Install with pandas support

pip install cendat[pandas]

Install with polars support

pip install cendat[polars]

Install with both

pip install cendat[all]

Usage

The intended workflow is a step-by-step process of refining your data query. You start by selecting dataset products, then geographies, and finally the specific variables you need.

  1. Initialize: Create an instance of CenDatHelper, optionally setting the year(s) and API key.
  2. Select Product: Use list_products() to find products and set_products() to select them.
  3. Select Geography: Use list_geos() to see available geographic levels and set_geos() to choose them.
  4. Select Variables: Use list_variables() to explore available variables and set_variables() to select them.
  5. Get Data: Call get_data() to concurrently execute the required queries. This returns a CenDatResponse object.
  6. Convert: Use .to_pandas() or .to_polars() on the response object to get a ready-to-use DataFrame.

CenDatHelper Class

__init__(self, years=None, key=None)

Initializes the helper object.

  • years (int | list[int], optional): The year or years of interest. Can be a single integer or a list of integers. Defaults to None.
  • key (str, optional): Your Census API key. Providing a key is recommended to avoid strict rate limits. Defaults to None.

set_years(self, years)

Sets the primary year or years for data queries.

  • years (int | list[int]): The year or years to set.

load_key(self, key=None)

Loads a Census API key for authenticated requests.

  • key (str, optional): The API key to load.

list_products(self, years=None, patterns=None, to_dicts=True, logic=all, match_in='title')

Lists available data products, filtered by year and search patterns.

  • years (int | list[int], optional): Filters products available for the specified year(s). Defaults to the years set on the object.
  • patterns (str | list[str], optional): Regex pattern(s) to search for within the product metadata.
  • to_dicts (bool, optional): If True (default), returns a list of dictionaries with full product details. If False, returns a list of product titles.
  • logic (callable, optional): The logic to use when multiple patterns are provided. Can be all (default) or any.
  • match_in (str, optional): The field to match patterns against. Can be 'title' (default) or 'desc'.

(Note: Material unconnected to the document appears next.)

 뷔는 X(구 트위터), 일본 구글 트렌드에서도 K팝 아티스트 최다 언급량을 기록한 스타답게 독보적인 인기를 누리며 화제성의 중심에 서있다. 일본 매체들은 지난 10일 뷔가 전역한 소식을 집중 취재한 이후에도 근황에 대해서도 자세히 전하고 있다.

set_products(self, titles=None)

Sets the active data products for the session.

  • titles (str | list[str], optional): The title or list of titles of the products to set. If None, it sets all products from the last list_products() call.

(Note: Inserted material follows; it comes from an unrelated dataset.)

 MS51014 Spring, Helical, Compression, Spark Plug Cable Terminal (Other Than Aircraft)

list_geos(self, to_dicts=False, patterns=None, logic=all)

Lists available geographies for the currently set products.

  • to_dicts (bool, optional): If True, returns a list of dictionaries with full geography details. If False (default), returns a list of unique summary level (sumlev) strings.
  • patterns (str | list[str], optional): Regex pattern(s) to search for within the geography description.
  • logic (callable, optional): The logic to use when multiple patterns are provided. Can be all (default) or any.

set_geos(self, values=None, by='sumlev')

Sets the active geographies for the session.

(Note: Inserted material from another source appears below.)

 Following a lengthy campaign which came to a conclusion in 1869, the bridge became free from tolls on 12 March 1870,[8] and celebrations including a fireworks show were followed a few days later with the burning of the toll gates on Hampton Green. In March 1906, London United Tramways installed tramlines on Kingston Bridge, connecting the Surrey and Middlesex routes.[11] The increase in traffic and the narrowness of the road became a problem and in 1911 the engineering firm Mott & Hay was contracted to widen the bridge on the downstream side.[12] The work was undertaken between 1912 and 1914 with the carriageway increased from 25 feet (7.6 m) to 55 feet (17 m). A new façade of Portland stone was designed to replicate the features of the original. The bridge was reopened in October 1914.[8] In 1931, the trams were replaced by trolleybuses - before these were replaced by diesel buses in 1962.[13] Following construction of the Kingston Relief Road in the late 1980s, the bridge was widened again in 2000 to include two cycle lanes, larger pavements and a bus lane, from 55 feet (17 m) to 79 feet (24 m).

  • values (str | list[str], optional): The geography values to set. If None, sets all geos from the last list_geos() call.
  • by (str, optional): The key to use for matching values. Must be either 'sumlev' (default) or 'desc'.

list_variables(self, to_dicts=True, patterns=None, logic=all, match_in='label')

Lists available variables for the currently set products.

  • to_dicts (bool, optional): If True (default), returns a list of dictionaries with full variable details. If False, returns a list of unique variable names.
  • patterns (str | list[str], optional): Regex pattern(s) to search for within the variable metadata.
  • logic (callable, optional): The logic to use when multiple patterns are provided. Can be all (default) or any.
  • match_in (str, optional): The field to match patterns against. Can be 'label' (default) or 'name'.

set_variables(self, names=None)

Sets the active variables for the session.

  • names (str | list[str], optional): The name or list of names of the variables to set. If None, sets all variables from the last list_variables() call.

get_data(self, within='us', max_workers=100)

Executes the API calls based on the set parameters and retrieves the data.

  • within (str | dict | list[dict], optional): Defines the geographic scope of the query.
    • For aggregate data, this can be a dictionary filtering parent geographies (e.g., {'state': '06'} for California).
    • For microdata, this must be a dictionary specifying the target geography and its codes (e.g., {'public use microdata area': ['7701', '7702']}).
    • Defaults to 'us' for nationwide data where applicable.
  • max_workers (int, optional): The maximum number of concurrent threads to use for making API calls. Defaults to 100.

CenDatResponse Class

A container for the data returned by CenDatHelper.get_data().

to_polars(self, schema_overrides=None)

Converts the raw response data into a list of Polars DataFrames.

  • schema_overrides (dict, optional): A dictionary mapping column names to Polars data types to override the inferred schema. Example: {'POP': pl.Int64}.

to_pandas(self, dtypes=None)

Converts the raw response data into a list of Pandas DataFrames.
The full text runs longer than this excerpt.